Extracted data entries
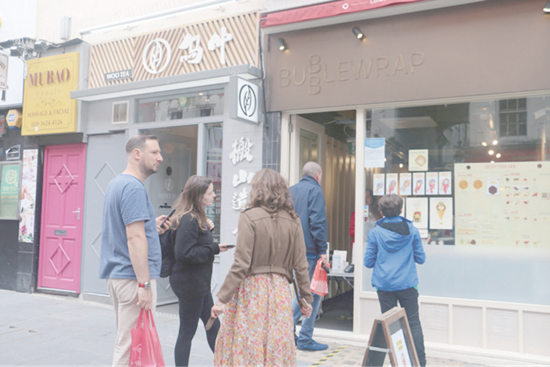 2020年7月4日,沉寂已久的英格兰迎来解封。图为在一家甜品店门外排队等候的西方顾客们。(图片来源:欧洲时报记者田皓雪子 摄)
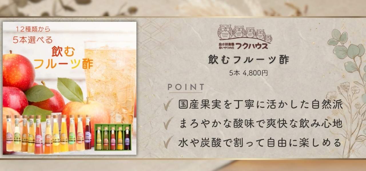 泉水耕農園思いやりの丘フクハウスのおすすめのアイテムは「飲むフルーツ酢」です。
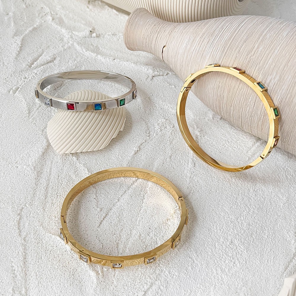 Stainless Steel Colorful Square Zircon Bracelet
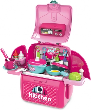 A mi Konyhai szett hátizsákban a gyerekeknek számtalan órányi szórakozást kínál, lehetővé téve számukra a mindennapi tevékenységek utánzását. Ez a praktikus hátizsák, amely könnyen asztali konyhává alakítható, ideális otthoni és úti játékhoz egyaránt. Számos kiegészítőt tartalmaz, amelyek megkönnyítik a főzést és sütést. Ez a játékos készlet támogatja a szociális készségek és a kreativitás fejlesztését. Kompakt méretének köszönhetően (24×15×27 cm) könnyen hordozható, és a gyerekek mindig magukkal vihetik.
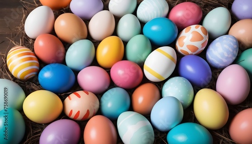Multitude of colorful easter eggs macro background, geometrical, dots, flowers and striped patterns
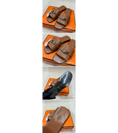 [홍콩명품.Hermes] 에르메스 24SS 로고 여성 KELLY 레더 가죽 샌들 슬리퍼 (브라운), SE4084, H3, 명품스니커즈,운동화,구두,로퍼,하이탑,신발 > 여성몰
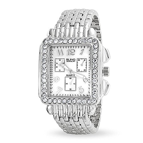 Best Seller! Bling Jewelry Square Stainless Steel Back Crystal Art Deco Style Womens Fashion Watch Review
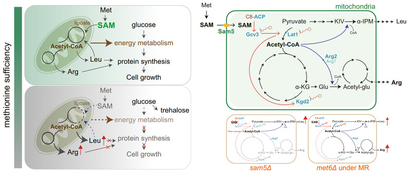 一个关键科学问题是线粒体是如何感受到蛋氨酸限制带来的SAM匮乏条件呢?在蛋氨酸限制条件下,受限的丙酮酸脱氢和α-酮戊二酸脱氢化学反应对应着化学原理类似且结构都很庞大的两个代谢酶复合物,在其中一个亚基上可以发生一个酶活性必需且高度保守的硫辛酰化修饰(lipoylation),而硫辛酸(lipoic acid)的合成依赖于SAM自由基和铁硫簇。通过生化和代谢追踪实验,研究人员成功证明了蛋氨酸减少直接限制了硫辛酸合成。更有意思的是,因为硫辛酸合成后转移到丙酮酸脱氢酶和α-酮戊二酸脱氢酶上的次序不一样,所以这两个被硫辛酰化修饰的酶所受影响的程度也不一样,最后导致了蛋氨酸限制下特异的代谢流向,即乙酰辅酶A与α-酮戊二酸退出TCA循环转至氨基酸合成。研究还发现,当线粒体在极度缺乏SAM的时候,会进一步激活亮氨酸合成,导致乙酰辅酶A上游的丙酮酸也退出能量代谢。
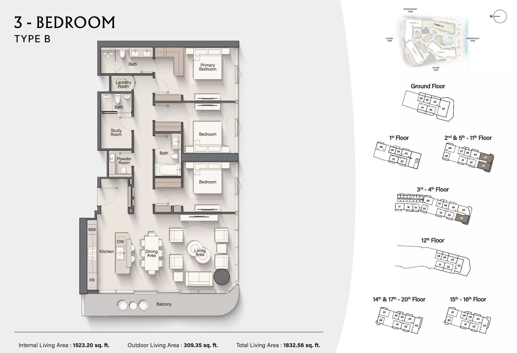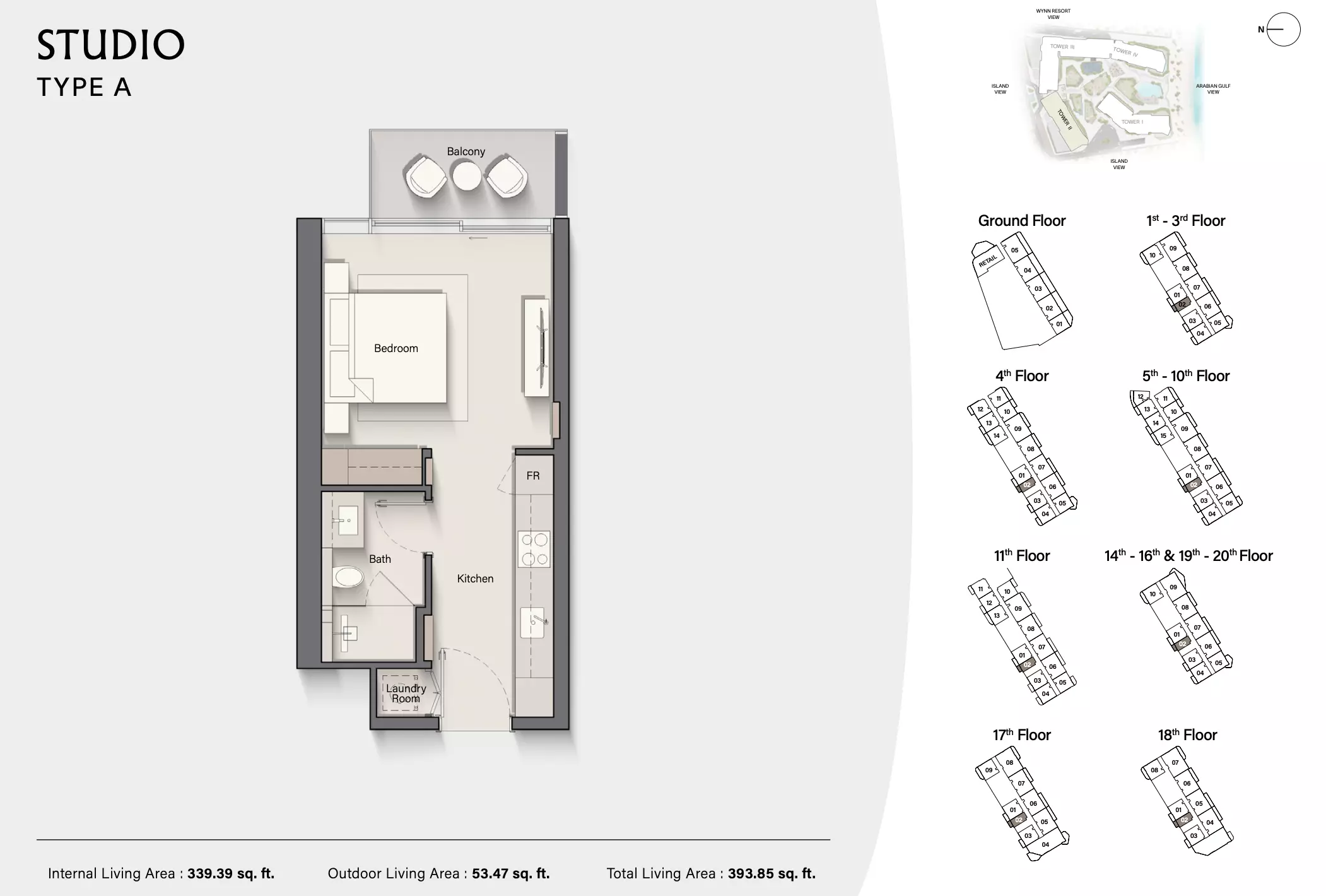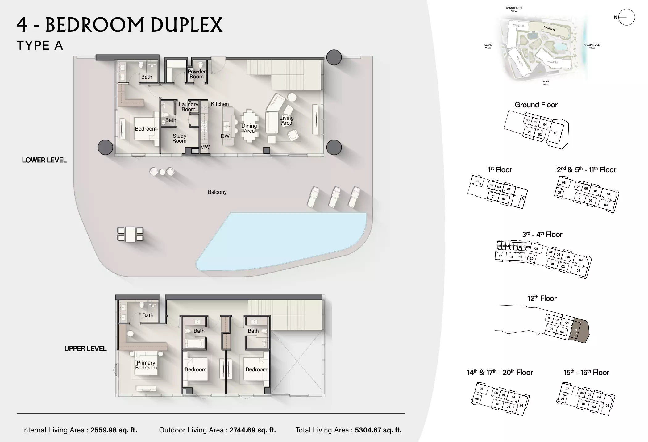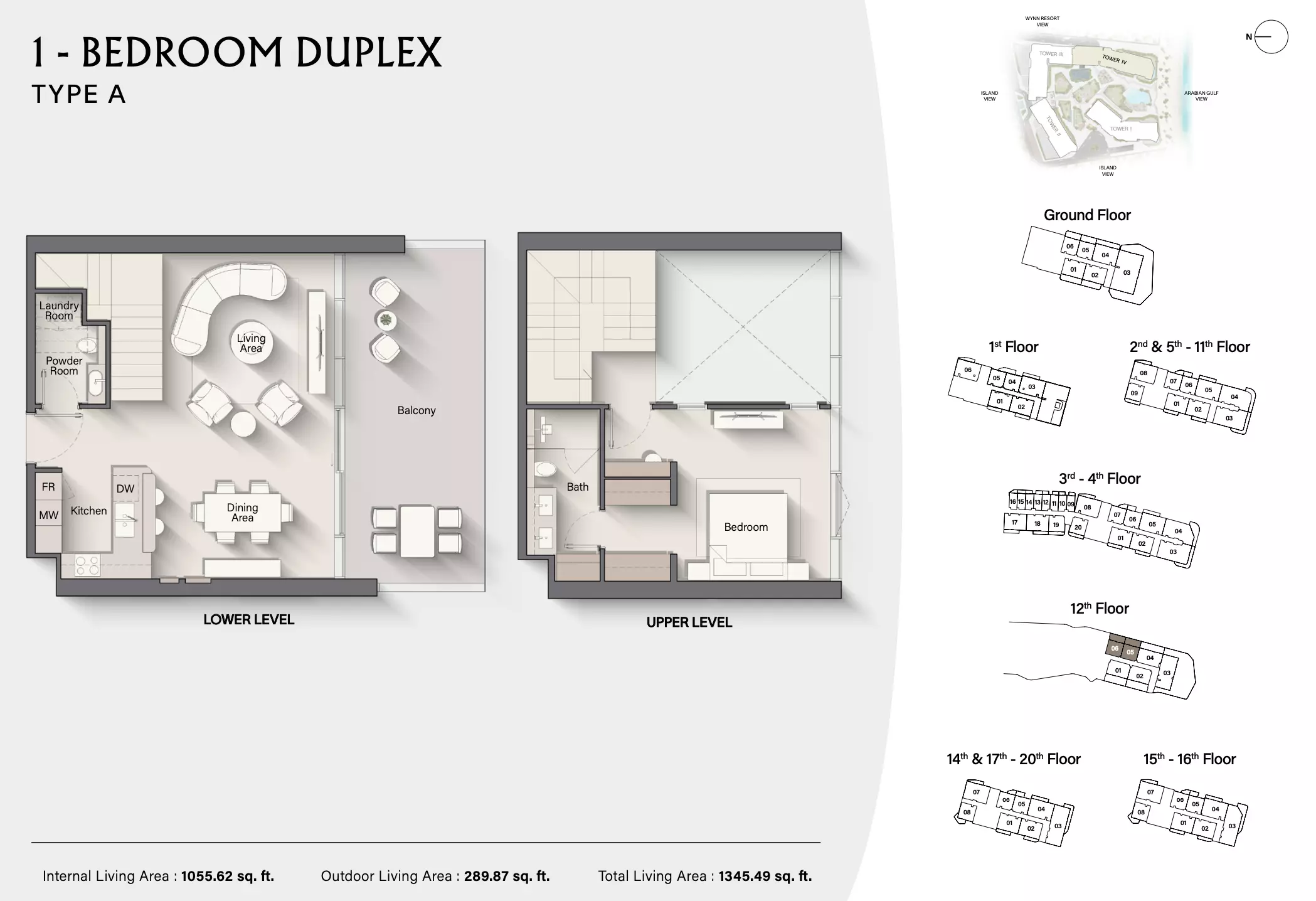 • Apartment Studio Apartments: from 385 sq ft to 606 sq ft 1-Bedroom Apartments: from 840 sq ft to 951 sq ft with starting price 2.8M AED 2-Bedroom Apartments: from 1,096 sq ft to 1,530 sq ft with starting price 3.4M AED 3-Bedroom Apartments: from 1.697 sq ft to 1982 sq ft • Duplex 1-bedroom Duplex: from 1,321 sq ft to 1,345 sq ft 2-Bedroom Duplex: from 2,025 to 2,149 sq ft 3-Bedroom Duplex: 5,471 sq ft 4-Bedroom Duplex: 5,471 sq ft • Penthouses 6 bedroom penthouses : 13,759 sq ft • Villas 5 bedroom villas : from 7,735 sq ft to 7,738

What is required
Looking above, find the stretch of lines that opens with the one holding "[홍콩명품.Hermes] 에르메스 24SS" and closes with the one holding "一个关键科学问题是线粒体是如". Copy it exactly, pictures excluded.

Solution to the exercise
 [홍콩명품.Hermes] 에르메스 24SS 로고 여성 KELLY 레더 가죽 샌들 슬리퍼 (브라운), SE4084, H3, 명품스니커즈,운동화,구두,로퍼,하이탑,신발 > 여성몰
 Best Seller! Bling Jewelry Square Stainless Steel Back Crystal Art Deco Style Womens Fashion Watch Review
 一个关键科学问题是线粒体是如何感受到蛋氨酸限制带来的SAM匮乏条件呢?在蛋氨酸限制条件下,受限的丙酮酸脱氢和α-酮戊二酸脱氢化学反应对应着化学原理类似且结构都很庞大的两个代谢酶复合物,在其中一个亚基上可以发生一个酶活性必需且高度保守的硫辛酰化修饰(lipoylation),而硫辛酸(lipoic acid)的合成依赖于SAM自由基和铁硫簇。通过生化和代谢追踪实验,研究人员成功证明了蛋氨酸减少直接限制了硫辛酸合成。更有意思的是,因为硫辛酸合成后转移到丙酮酸脱氢酶和α-酮戊二酸脱氢酶上的次序不一样,所以这两个被硫辛酰化修饰的酶所受影响的程度也不一样,最后导致了蛋氨酸限制下特异的代谢流向,即乙酰辅酶A与α-酮戊二酸退出TCA循环转至氨基酸合成。研究还发现,当线粒体在极度缺乏SAM的时候,会进一步激活亮氨酸合成,导致乙酰辅酶A上游的丙酮酸也退出能量代谢。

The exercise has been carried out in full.